Our second option is to manually test our chatbot using human testers (that is, ourselves). Each of us can dedicate a few hours of time by assigning a score of 0 to 10 for how accurate we think the chatbot is, and then we can take the average of our scores. This is often common practice when it comes to measuring chatbot's success, so this is quite viable.

A third option we have (which may be our best option), is comparing the generated answer with our expected answer. However, because sentences can be phrased very differently and yet still be the same, we want to strip the expected answer of all unnecessary information and just check our generated answer for essential data. When it comes to extracting information, the NLTK library would be incredibly helpful. We could also compare individuals words' embeddings for generated and expected answers.

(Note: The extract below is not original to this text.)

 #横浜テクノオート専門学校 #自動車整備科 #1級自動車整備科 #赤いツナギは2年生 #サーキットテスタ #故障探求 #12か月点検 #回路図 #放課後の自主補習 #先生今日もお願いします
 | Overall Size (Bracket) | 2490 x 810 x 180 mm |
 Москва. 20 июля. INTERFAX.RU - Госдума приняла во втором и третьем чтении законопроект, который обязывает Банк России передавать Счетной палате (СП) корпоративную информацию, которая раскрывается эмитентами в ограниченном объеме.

Our base goal is to have more than 50% accuracy for whatever metric we use to compare outputted data to labels. We also want our model to work with at least 25% accuracy for unlabeled data. Our target goal is fairly to our base goal, but we would like to have 60% and 30% accuracy for labeled and unlabeled data, respectively. Our stretch goal is to have 70% and 35% accuracy for labeled and unlabeled data.

Ethics

What broader societal issues are relevant to your chosen problem space?

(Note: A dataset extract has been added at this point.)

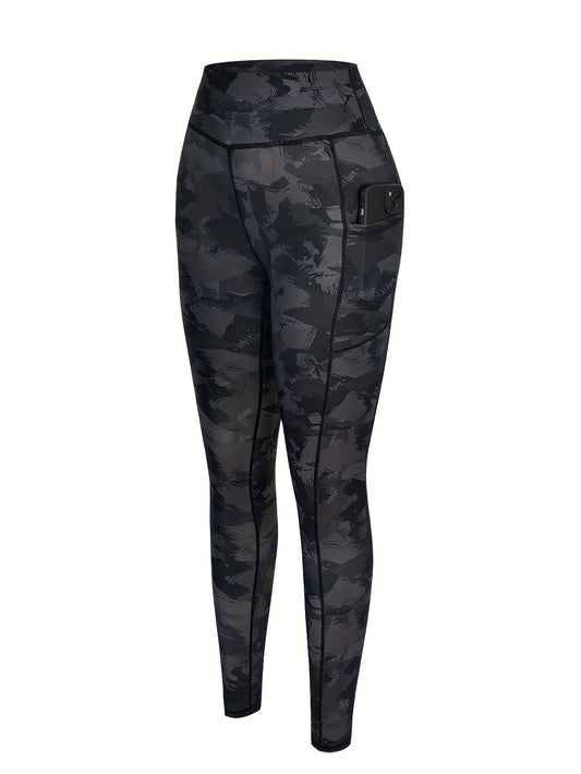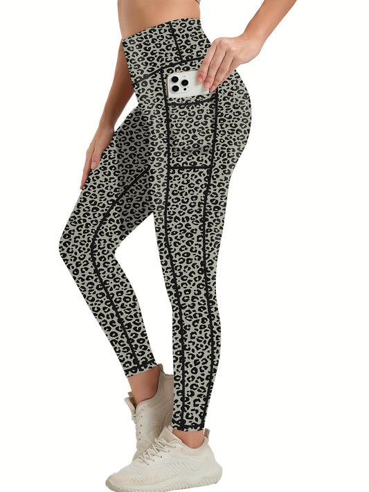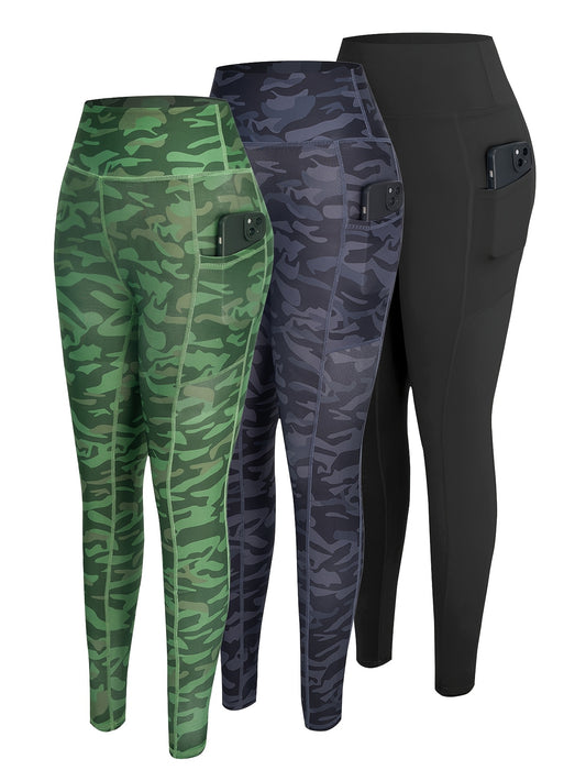 3pcs Set Women'S Plus Size Daily Sports Yoga Leggings, Geometric Pattern, High Stretch Spandex, Breathable, with Two Side Pockets, for Running, Workout
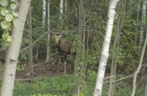 Прибывшие на место полицейские сразу увидели лося. Любопытное лесное животное испугалось и забежало в кусты, но никуда уходить не собиралось.

We are concerned about the environmental impact of our model. Using a GAN-BERT model is much preferable, in terms of environmental impact, to a BERT model, because we are doing transfer learning for the encoder. By using a semi-supervised model, we hope to be less reliant on labeled data. Labeled data, in general, is something that we would want to avoid using in overly large amounts, because human time is a limited resource, and should not be wasted on monotous and unfulfilling tasks.

We are also concerned about what to when the questions asked have negative intent (such as questions with a clearly discriminatory purpose). In that case, we would hope to avoid generating answers that match the purpose of the question. We are tackling this by creating questions unsuitable for the model to answer, and pairing it with the default "n/a" answer from the model.

What is your dataset? Are there any concerns about how it was collected, or labeled? Is it representative? What kind of underlying historical or societal biases might it contain?

Our dataset is a Wikipedia question and answer dataset. Because these questions are inherently of the question & answer model, even though they are on a site like Wikipedia that generally encourages neutral discussion, that doesn't mean they are free from destrucitve opinions. In addition, Wikipedia is free to be edited by anyone, so certain bits of biased information might slip through the cracks. Plus, Wikipedia is not totally representative of everyone in the world, as it is a dataset that only those with certain privileges, like regular access/understanding of the web, can truly benefit from.